Photo by Oliver Roos on Unsplash
One of the enduring memories of the past twenty years and some of work is getting hauled into my Supervisor’s office for a career chat. At the time I was twenty three, fresh off a year of national service quite literally in the middle of nowhere and two weeks into my first proper job. My Supervisor on the other hand was a stern, no-frills expat, fresh off an assignment in South East Asia, who fit the dour Scotsman stereotype to a tee, complete with a Protestant work ethic. Prior to said year of national service, I had spent most of growing up in a small town, in a small Nigerian state, the intricacies of corporate life being as alien to me as it would be to a small town boy in a King’s court.
The job was as one of five new hires, four of us fresh graduates. It was at one of the oil & gas exploration companies in the country and paid more in that first year than what my father – a 30 year University Professor at the time – earned. It was, to put it mildly, the very definition of life changing money. Over time, it would come out that someone in the great corporate behemoth had the idea to recruit fresh grads for the first time in nearly a decade, the intent being to organically develop talent for a change rather than poach from elsewhere.
The chat boiled down to one question – what path I was interested in pursuing over my putative career with the company. As I recall it, he leaned back in his chair, hands on his head and proceeded to describe a parable of ladders, one technical and one managerial. The choice before me was between being a specialist or a generalist. My choice that day was to be a specialist, the allure of a niche specialty, being a purveyor of somewhat esoteric knowledge, and the one example I knew being some of the things which predisposed me to that choice.
The generalist v. specialist debate is one which continues to simmer, presumably for the very reason that there are pros and cons to both. In perhaps the most popular book on the subject, Range, David Epstein weighs in on the side of the generalists, concluding that people who think broadly(generalists) have an inherent advantage over experts (specialists) in a world where computers (LLMs perhaps?) are eating the world. AI and the “death” of expertise is relevant in this regard.
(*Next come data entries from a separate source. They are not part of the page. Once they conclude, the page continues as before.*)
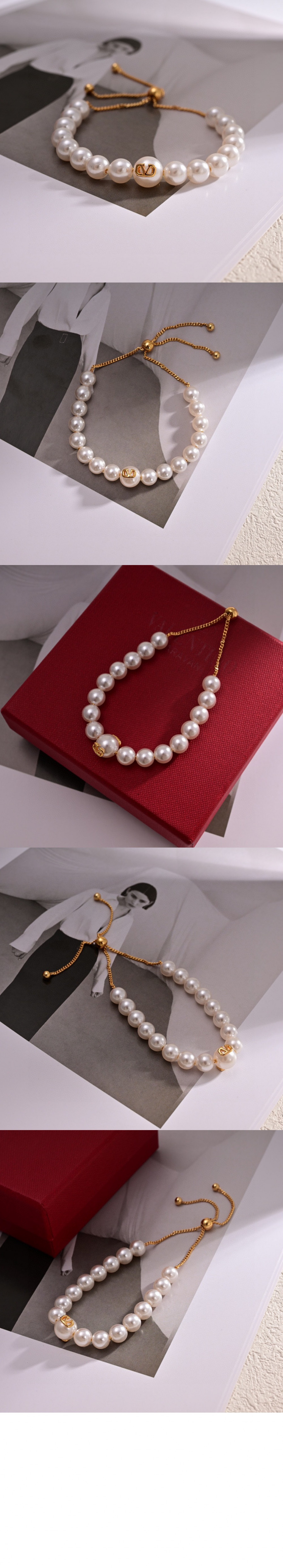 발렌티노 가라바니 브이로고 시그니쳐 메탈 이미테이션 펄 브레이슬릿
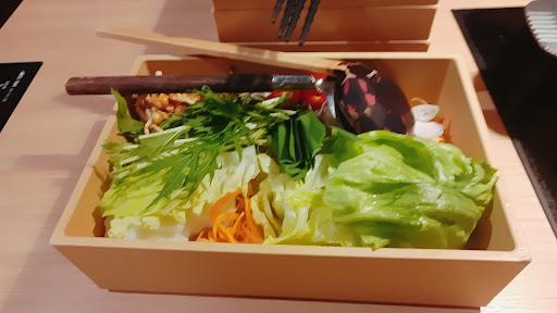 Read more温野菜は3年ぶり位の利用でしたが飯塚店は初めて訪れました。当日予約なのにスタッフの対応も良くお店の雰囲気も良かった。ただ19時過ぎてもお店の看板や周りの電灯が灯ってなくて真っ暗でした。 しゃぶしゃぶは美味しいけれど胡麻ダレはイマ3ぐらい、ポン酢+だいこんおろしが美味、粗くおろしてあるので食感がとても良いです。 お寿司もいただきましたが酢が強すぎるしイカはとても硬かったです。 おすすめは何とビピンパ丼です、ナムル追加でパクパクいけ...
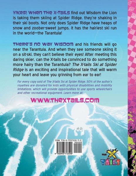 Yikes! When the X-tails find out Wisdom the Lion is taking them skiing at Spider Ridge, they're shaking in their ski boots. Not only does Spider Ridge have heaps of snow and zoober-sweet jumps, it has the hairiest ski run in the world- the Tarantula! There's no way Wisdom and his friends will go near the Tarantula. And when they see someone skiing it on a sit-ski, they can't believe their eyes! After meeting this daring skier, can the X-tails be convinced to do something more hairy than the Tarantula? The X-tails Ski at Spider Ridge is an exciting and inspirational tale that will warm your heart and leave you grinning from ear to ear! With a message about inclusion, this is a wonderful story for children of all ages! For every copy sold of The X-tails Ski at Spider Ridge, 50% of the author's royalties are donated for kids with physical disabilities and mobility limitations, which will provide opportunities to use sports wheelchairs and other recreational equipment.
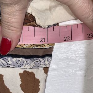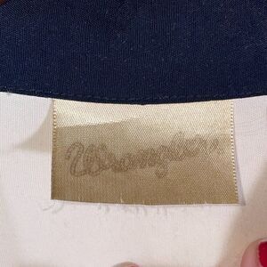 Description: Vintage Wrangler Western shirt featuring bold scarf-print bands with chain and medallion details across the chest. Classic cream and navy color block, button front, pointed collar. Gold satin Wrangler tag indicates late 80s, early 90s. Light pilling under arms and faint marks. Unique vintage western statement piece perfect for rodeo, concert, or retro streetwear styling.
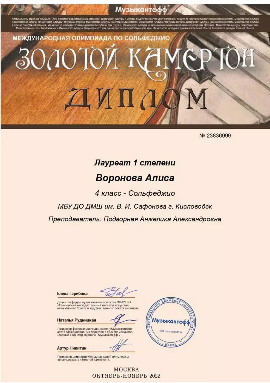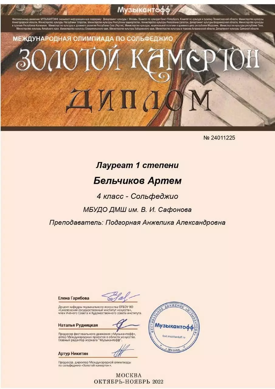 Ученики 4 класса Детской музыкальной школы имени Сафонова Артем Бельчиков и Алиса Воронова стали лауреатами 1 степени международной олимпиады по сольфеджио «Золотой камертон».
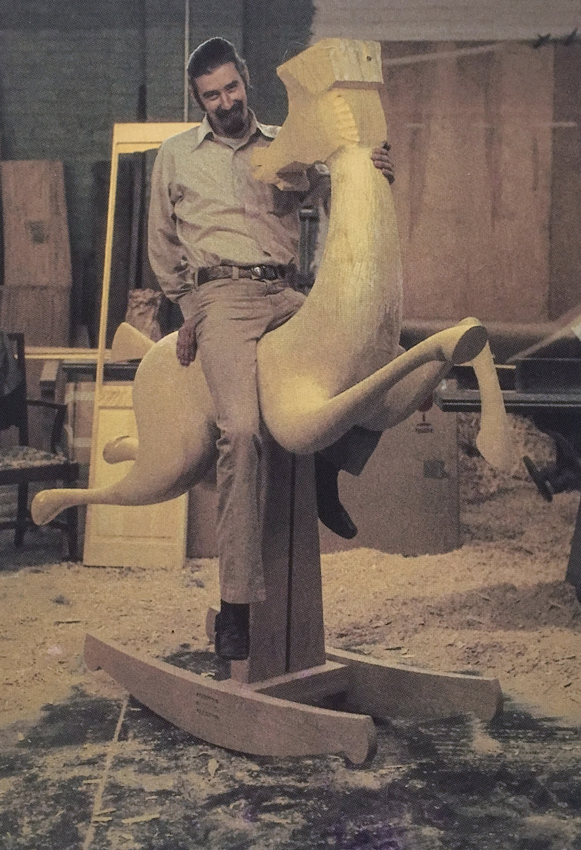 Dan Jackson in his studio during the making of the Unicorn Rocker. From “Daniel Jackson: Dovetailing History”, The University of the Arts, 2003. No photo credit given.
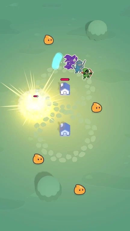 2.英雄会在村庄周边巡逻,主动攻击前来侵扰的怪物;并且随着村庄规模的扩大,玩家能够安排更多英雄,构建起更坚固的防御布局。
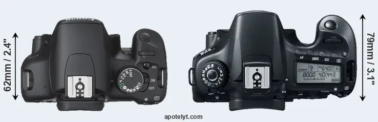 | 6. | Canon 70D | 139 mm | 104 mm | 79 mm | 755 g | 920 | Y | Jul 2013 | US$ 1 199 | ebay.com | |

At first glance Cal Newport, of the Deep Work and So Good They Can’t Ignore You fame appears to fly the flag for specialists. A deeper look however suggests things might be a bit more nuanced than that, particularly when viewed through the lens of career capital and the five habits of a craftsman he espouses.
It seems to me therefore, that it is perhaps not an either or question, but a both and one, one which must necessarily take into account the intersection of the individual, their personality and the opportunities available at any given time. In my case, my Enneagram 5/ INTJ type lends itself to a motivation for knowledge, hence the joy I have derived from a deep, somewhat niche specialty. Being somewhat introverted has also been a consideration, as being a specialist has led me down the Independent Contributor route, rather than a supervisory/ managerial one.
My niche specialty has also opened doors across multiple continents, enabling to some extent the luxury of being prodigal. With the benefit of twenty years and a bit under my belt, that decision appears to have been a good (if not the right) one. I wonder though, if that will remain the case over the next twenty.